By William K. Black
June 28, 2016 Kansas City, MO
Andrew Ross Sorkin is back, so unintentional self-parody is again the order of the day. Wall Street’s sycophant-in-chief, introduces his column with a 98 m.p.h. fastball aimed at the reader’s chin.
This isn’t meant to scare you, but let’s consider the absolute worst-case scenarios of “Brexit.”
Sorkin’s column then presents his specific example of his absolute worst-case scenario. See if you can spot what is missing from that scenario.
Consider this: Italy’s government is considering pumping as much as $45 billion into its banking system after the Brexit vote. Shares of the biggest Italian banks have fallen more than 20 percent since the results of the vote were announced. And Italian banks are considered particularly vulnerable because they hold hundreds of billions of euros in bad loans. If Brexit forces a material economic slowdown across the Continent, Italy’s banks — without a rescue plan — could significantly suffer.
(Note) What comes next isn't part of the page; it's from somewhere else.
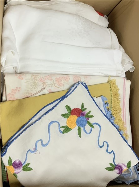 Cartone contenente numerose tovaglie di fogge e dimensioni differenti (difetti)

OK, Italy’s elite bankers made “hundreds of billions of euros in bad loans” that are still on their books nine years after the onset of the Great Recession. That should have prompted deep analysis by Sorkin about why the bankers made the loans, what role they caused in producing Italy’s crises, and why the regulators have allowed the bankers to “extend and pretend” the bad loans as if they were good loans for nine years.